- _SOURCE MATERIAL_
=== Section Start ===
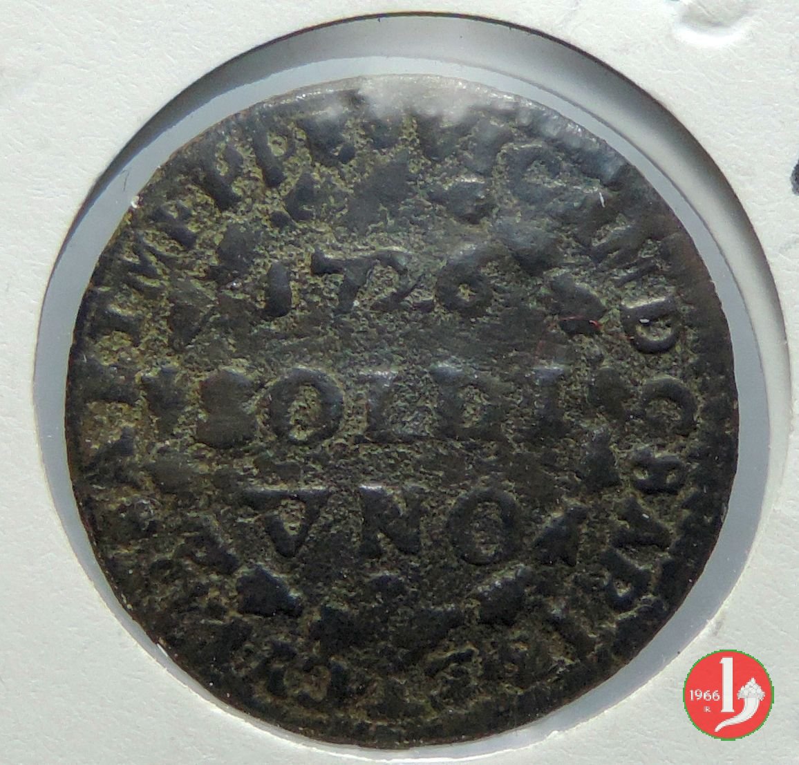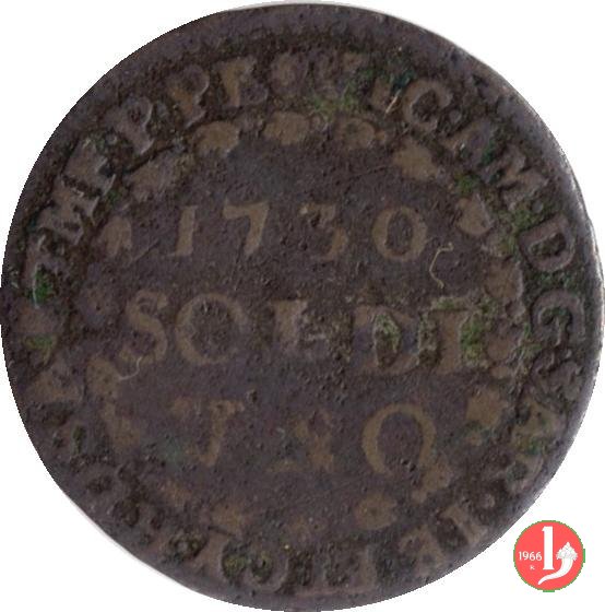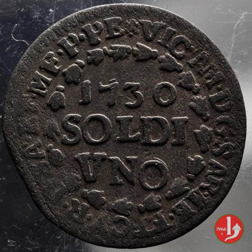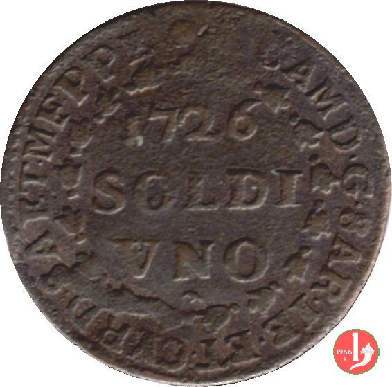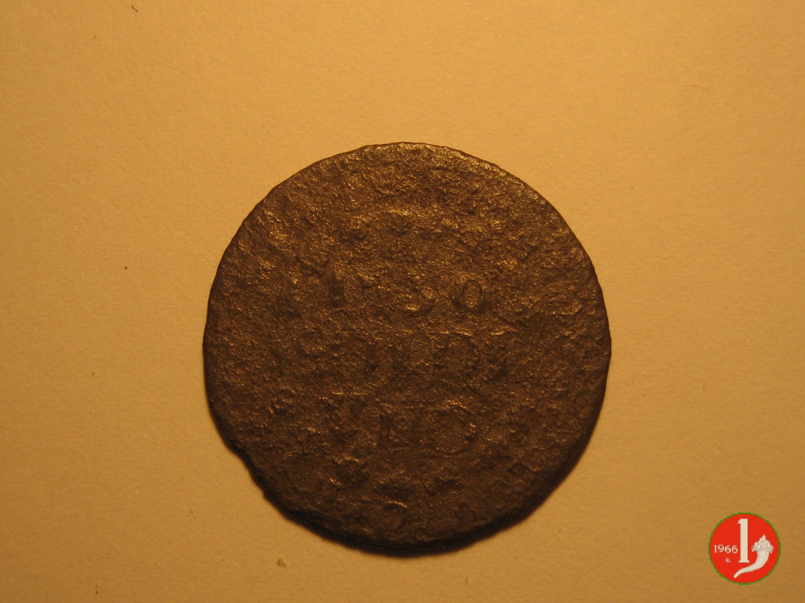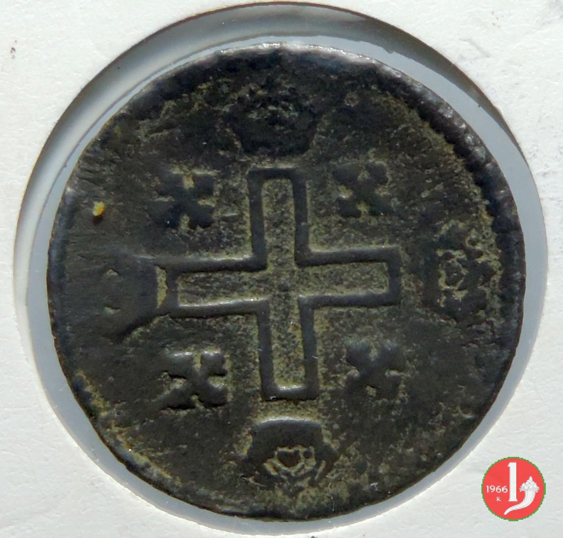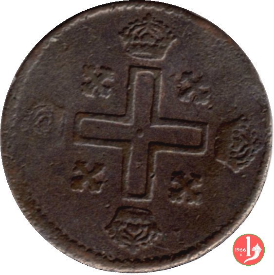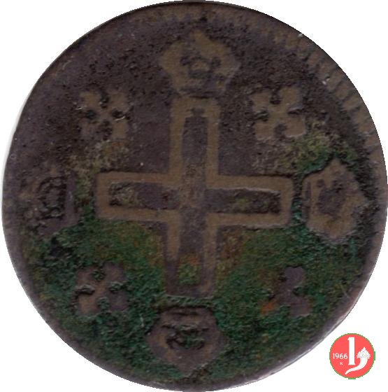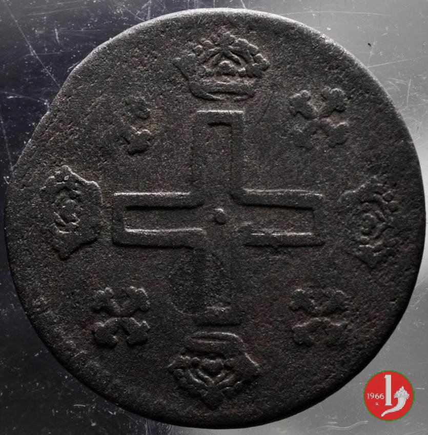 In tre righe; data SOLDI UNO, contornato da dei giglietti, intorno rosetta VIC • AM • D • G • SAR • IE • ET • CY • R • D • SA • ET • MF • P • PE Croce piana con corone alle estremità e accantonata da quattro crocette mauriziane
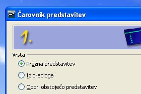 Odpre se čarovnik. Izberite Prazna predstavitev in potrdite na gumb Naprej.
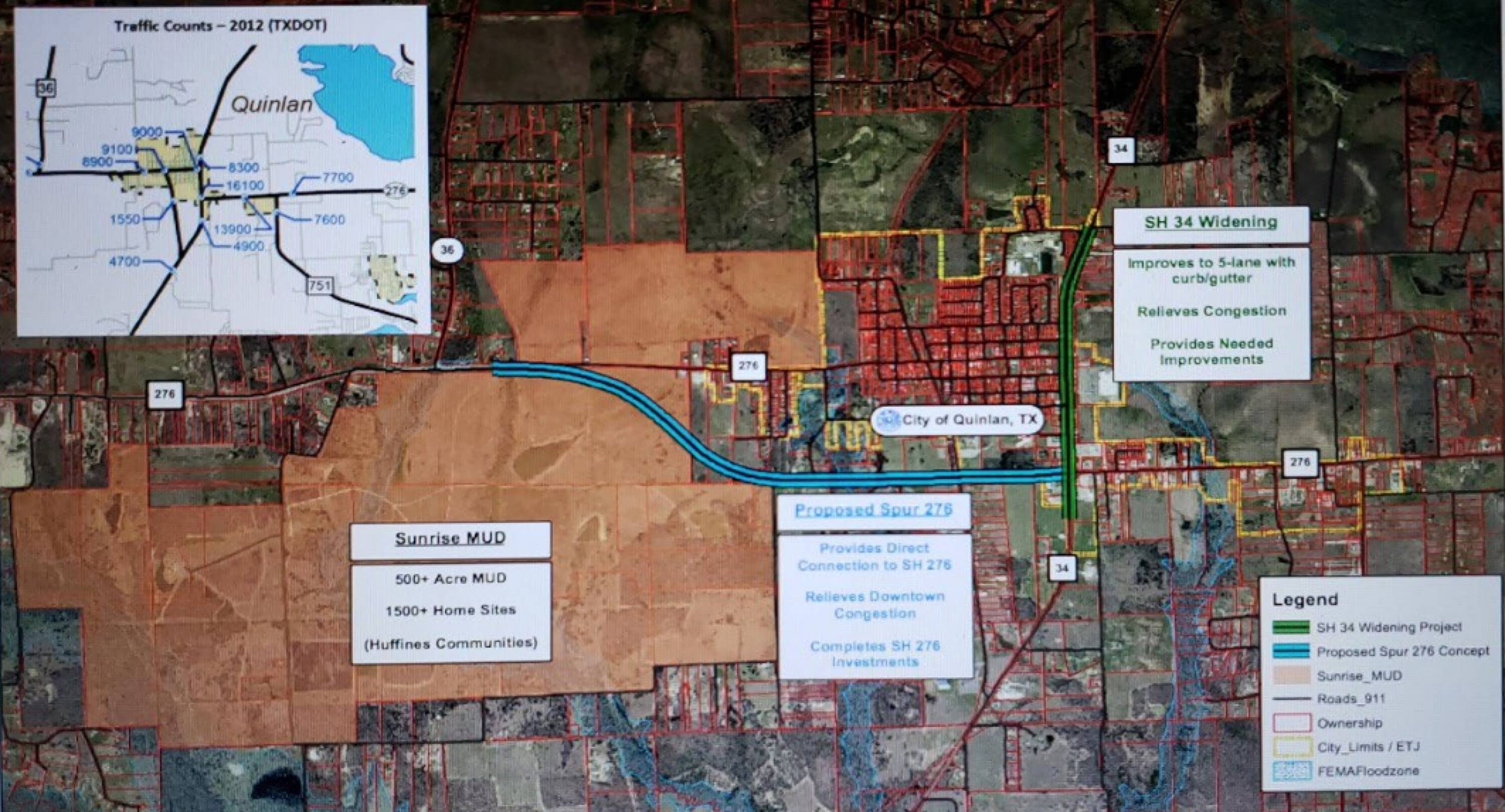 Highly visible commercial land with development potential in Quinlan, TX.
=== Section End ===
- _ABOUT THIS TASK_
Transcribe every line of the listing above exactly; skip the pictures.

- _SOLUTION FOR THIS PROBLEM_
 In tre righe; data SOLDI UNO, contornato da dei giglietti, intorno rosetta VIC • AM • D • G • SAR • IE • ET • CY • R • D • SA • ET • MF • P • PE Croce piana con corone alle estremità e accantonata da quattro crocette mauriziane
 Odpre se čarovnik. Izberite Prazna predstavitev in potrdite na gumb Naprej.
 Highly visible commercial land with development potential in Quinlan, TX.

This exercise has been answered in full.